On Wednesday, when Donald Trump retweeted three unverified anti-Muslim videos from the leader of a British far-right extremist group, Le Monde was on the case: It posted a debunk of the videos, with context and background.
These quick debunks are just one part of how Le Monde is getting fact-checks out to its readers. It started developing Décodex, a suite of public-facing fact-checking tools, two years ago, and launched it in January as part of Les Décodeurs, the fact-checking section of its website
The response to the new project, coming out amidst the controversial French presidential election campaign, was…not warm. “We had lots of critics — we were called the cops, the police, stuff like that,” said Samuel Laurent, deputy editor of Le Monde and head of Les Décodeurs. “We survived, and now more people are using it and thinking it was a good idea, and understand what we are trying to do. Some think that it maybe wasn’t our role as a newspaper to launch it. But no one else was launching it.”
Today, Décodex allows readers to search a database of around 1,000 websites and social media profiles (up from about 600 at launch in January). Sites are divided into four categories: those that regularly disseminate false information; those that are unreliable (occasionally publishing fake news, not citing sources); satire; and reliable. (The methodology is public, here.) There are also extensions for the Firefox and Chrome browsers, and a Facebook Messenger bot that users can ask to either verify a site or search for information on hoaxes that Le Monde has debunked (so far, about 160 hoaxes spread by more than 5,000 links).
(Translation: Type here a few words related to the info that you want to check (e.g. ‘vegetable garden tax 2017’). If my journalist colleagues at Décodeurs have denied or validated it, I will give you an answer. The garden tax refers to a resilient French hoax that the French government was planning to tax people’s kitchen gardens.)
The Firefox extension has over 12,000 users, while the Chrome extension has nearly 27,000 users. Adrien Sénécat, the site’s editor, told me that a “few hundred” people use the Messenger bot each week to find information about a specific site or story: “It’s not massive, but it shows how people are looking for information…a lot of people wonder, if they’re in front of a computer: What is the website, the Facebook page, the Twitter account I am reading right now? We are helping people to answer that.” Readers seem especially confused by satirical sites, even those that fairly explicitly state that they’re satire, Sénécat said — which isn’t that surprising since Décodex found that satirical stories are frequently picked up and re-reported by other sites as fact.

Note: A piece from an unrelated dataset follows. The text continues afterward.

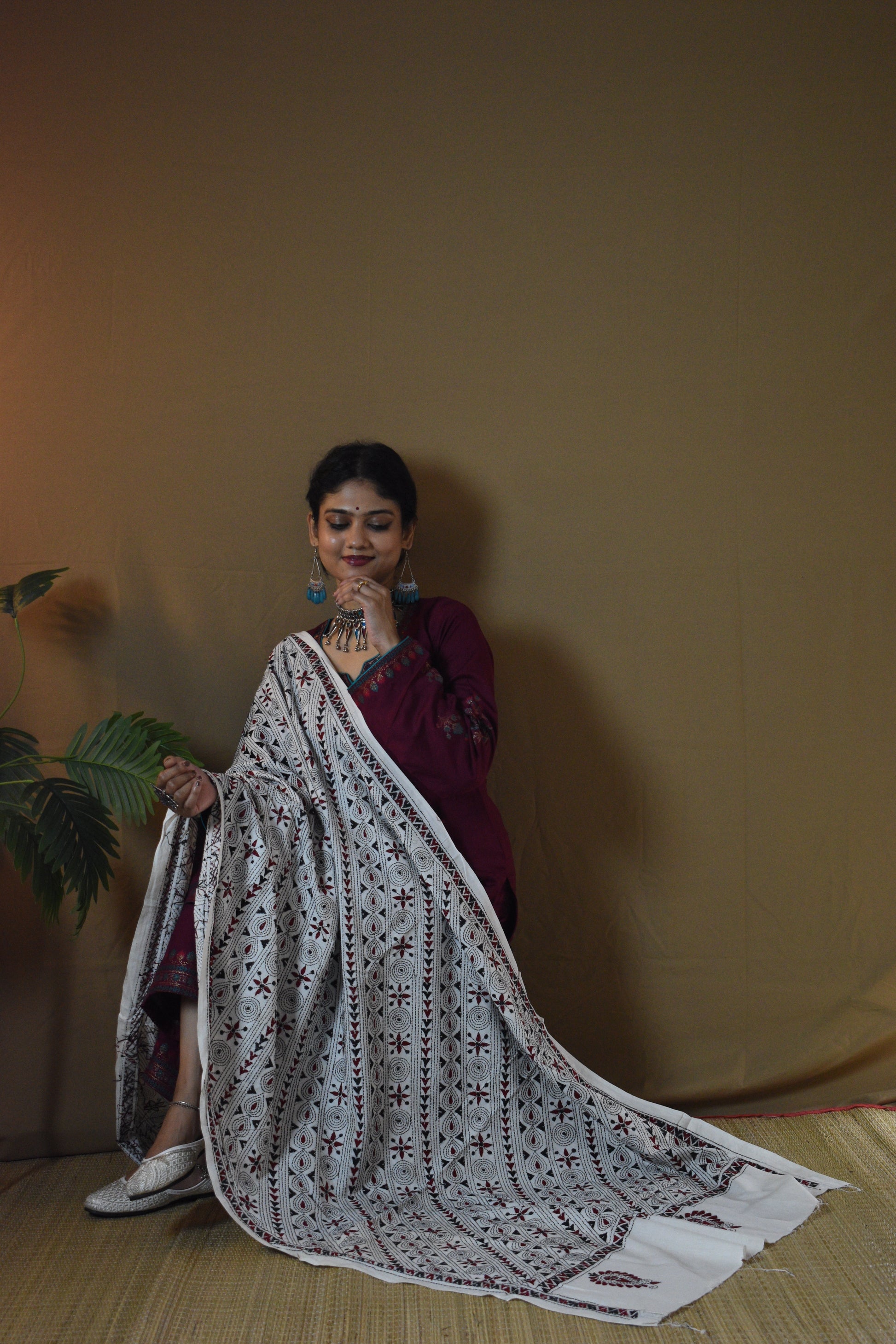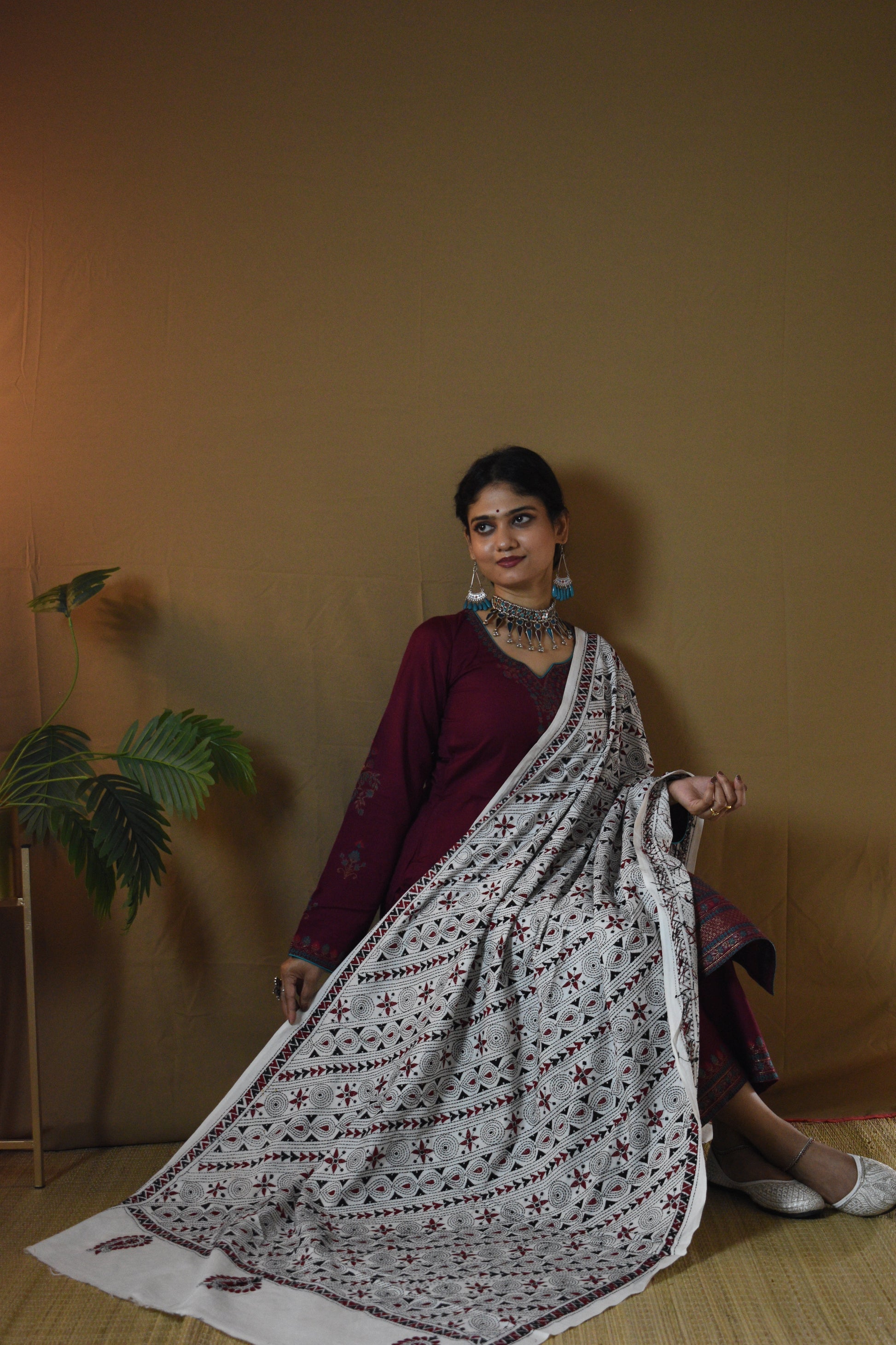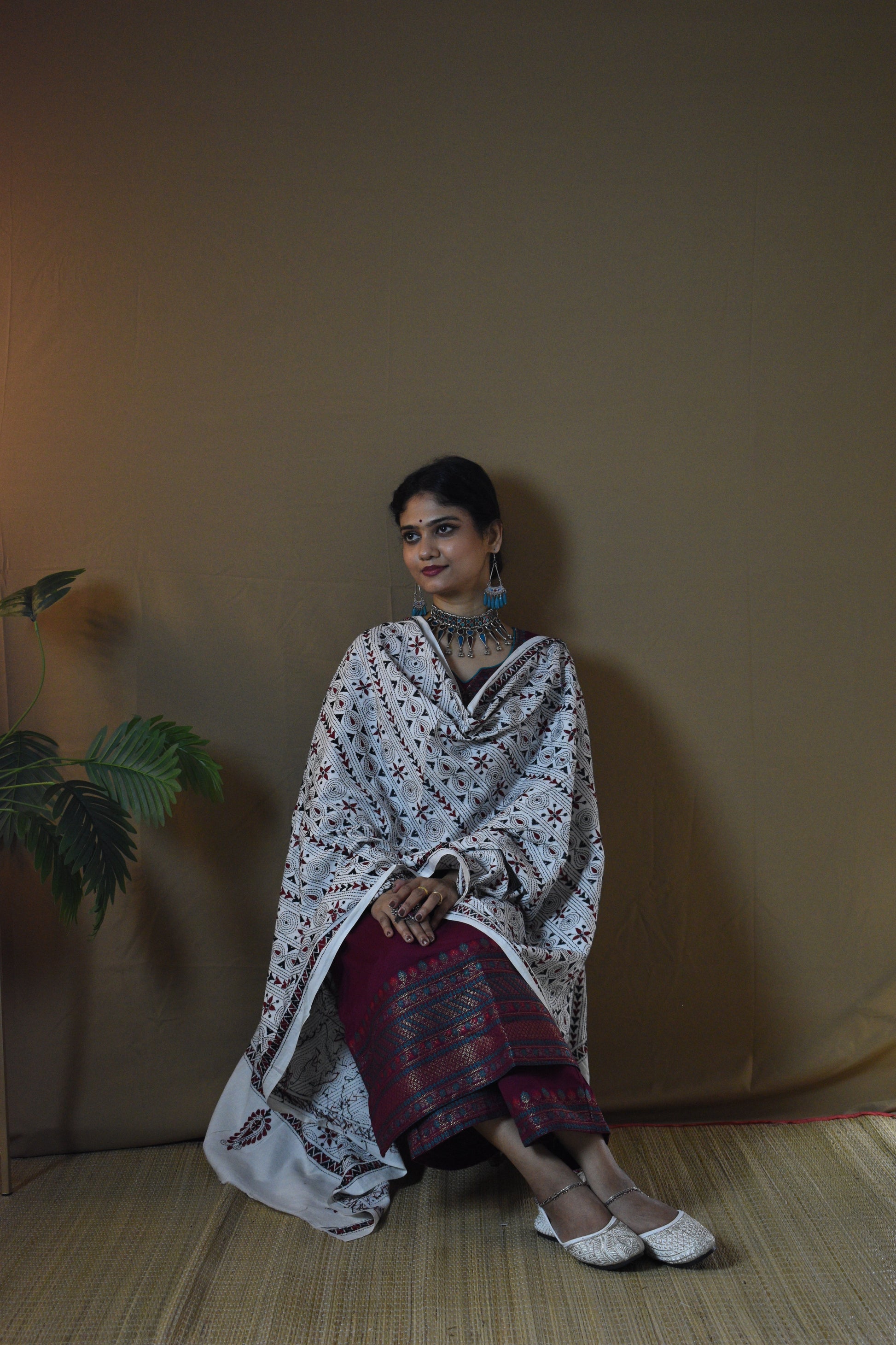 Experience the timeless charm of Bengal’s Kantha artistry with our Off White Geometrical Pure Cotton Hand Embroidered Kantha Dupatta. Hand-embroidered by skilled women artisans, each dupatta is a celebration of patience and heritage, with running stitches that bring alive traditional motifs. The Pure Cotton fabric feels soft, airy, and light on the skin. The Off White base, accented with multi-color threadwork, gives a graceful charm that blends effortlessly with traditional as well as contemporary looks. A Dupatta not just to wear, but to treasure, as art, as memory, as legacy.

The team is starting to amass data to reveal broader trends. In September, Sénécat logged about 1,000 articles and videos disseminating false information in a public database, including: a link to each article or video, whether the entire site it’s on claims to be satire or whether the story itself was supposed to be satire, the piece of information that needed to be fact-checked, the findings of the fact-check, and how many times the original article or video was shared, commented on, or reacted to on Facebook. Sénécat wrote in a blog post:
It’s impossible to know how many readers have viewed them, but it’s an order of magnitude [greater than the number of times false stories were spread by other sites]: these links generated about 4.3 million shares on Facebook, for about 16 million interactions on the social network (shares, likes, and comments). That suggests that this collection generated hundreds of millions, even billions of visits to the sites concerned. Of the 101 stories we identified, three-quarters (74 percent) generated more than 10,000 interactions.
Of the 10 most-shared stories, only two related to politics; most were related to health. The most-shared story, by far, was a story about a Chinese man contracting worms after eating sushi, which Le Monde debunked here.
In addition, the analysis found most sites sharing just one or two pieces of fake news amid real news; for the most part, these sites weren’t solely publishing misinformation. In some of those cases, when Le Monde debunked the stories, it faced backlash, Sénécat told me. “People who spread false information don’t want to be called as such,” he said. “A lot of websites will share false information, and change their story as soon as they are proven wrong, but never correct it. They never tell the reader it was false. What we do is expose this. At some point, it’s up to our readers to wonder…if a website can be trusted or not,” and he thinks part of Décodex’s job is showing the evidence to help readers make the decision.
Moving forward, Sénécat said that the team plans to continue to strengthen the Décodex’s existing features and build up its database of sources. (Rolling out new features isn’t a priority for now.) “We’re also keen to work with other outlets to translate our work in other languages,” he said, noting that a fair amount of the information that Décodex debunks comes from American sites. Laurent said that Le Monde is in discussion with newsrooms in Brazil, Spain, and Denmark about sharing material, as well. (It was also a partner in CrossCheck, the country-wide fact-checking initiative around the French election.)“We know there is a difference between the media making mistakes [versus] when you can show that, in a couple of months, a specific website shared 10 or more [pieces of] false information,” Sénécat said. “We have to continue to show people what is the difference…The Décodex is a proof of concept, and the more we strengthen it, the more we will show to the world that it is possible to do this work.”